I can believe a 21 year old toy poodle. We have a member who posted pictures of herself as a toddler with her toy and on her wedding day. That seemed so rare and wonderful. When we picked up Buck, my husband asked our breeder about longevity of the breed. She said, "When your dog is ten, you might want to begin thinking about another." My oldest Scottie lived to be 14 and I personally consider anything beyond 10 years to be a gift.


----------



## Sara0810 (May 21, 2017)

lily cd re said:


> Elsewhere we have been talking about longevity (and health issues) in poodles (size differences) and other breeds. See here: http://www.poodleforum.com/2-member-introductions/240914-considering-poodle.html
> 
> I know there are some really great senior poodles whose peeps are PF members. Tell us about the longest lived poodle you've had, what size they were and what you think helped that senior reach those golden years.
> 
> Not my dog, but someone in my neighborhood had a tpoo that he inherited when his mom passed. The dog was almost 20 years old when I met him. He passed later that year.




Great topic. 
I hope Mila lives to be twenty Without getting sick 
Diet is an important factor. No kibble with fillers etc. And exercise.


Sent from my iPhone using Tapatalk


----------



## peppersb (Jun 5, 2011)

lily cd re said:


> Tell us about the longest lived poodle you've had, what size they were and what you think helped that senior reach those golden years.

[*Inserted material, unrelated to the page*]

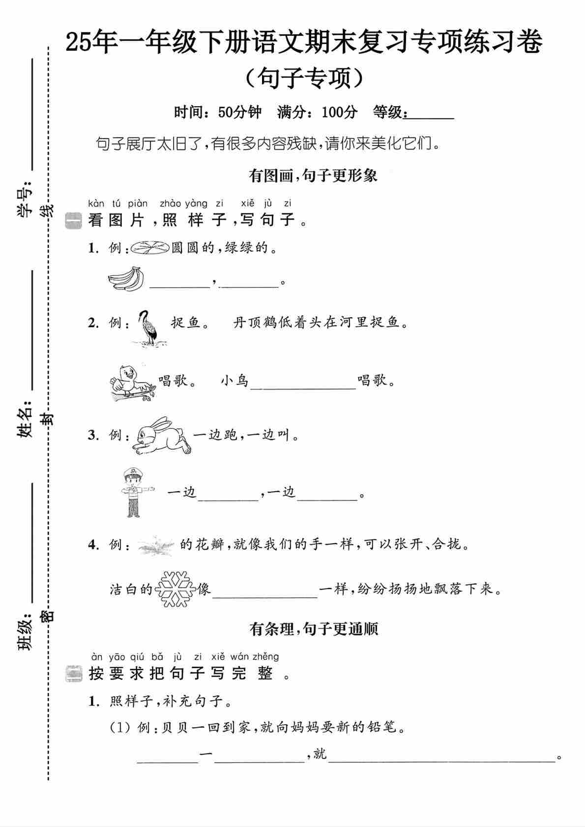 一 (下)语文25年人教版期末复习《句子专项》练习卷 (1)

Well of course I have to jump in and talk about Bob, even though everyone here has already heard all of my Bob stories. He was a standard. 55 pounds.

Born: August 12, 2000
Gotcha Day: December 26, 2004
Died: May 4, 2017

I like to think that he was almost 17. But to be exact, he was 16 years, 8 months, 22 days. I think Bob was a puppy mill dog, but not sure. I got him when he was 4 years old. He had just about the worst structure of any poodle that I have ever seen. No breeder who knew what they were doing would have produced a poodle that looked like Bob. It was his bad hips that finally did him in. He just got to the point where he couldn't walk or stand well enough to go to the bathroom.

But he certainly was healthy other than the hips. There were a few problems with eyesight and hearing at the end. But no incontinence and absolutely no slowing down mentally.

For the last two years, Bob was very management intensive. I work from home, so I was around during the day. I was willing to sleep downstairs to be near him, and for the last year or so, I knew that I could not take any vacations. 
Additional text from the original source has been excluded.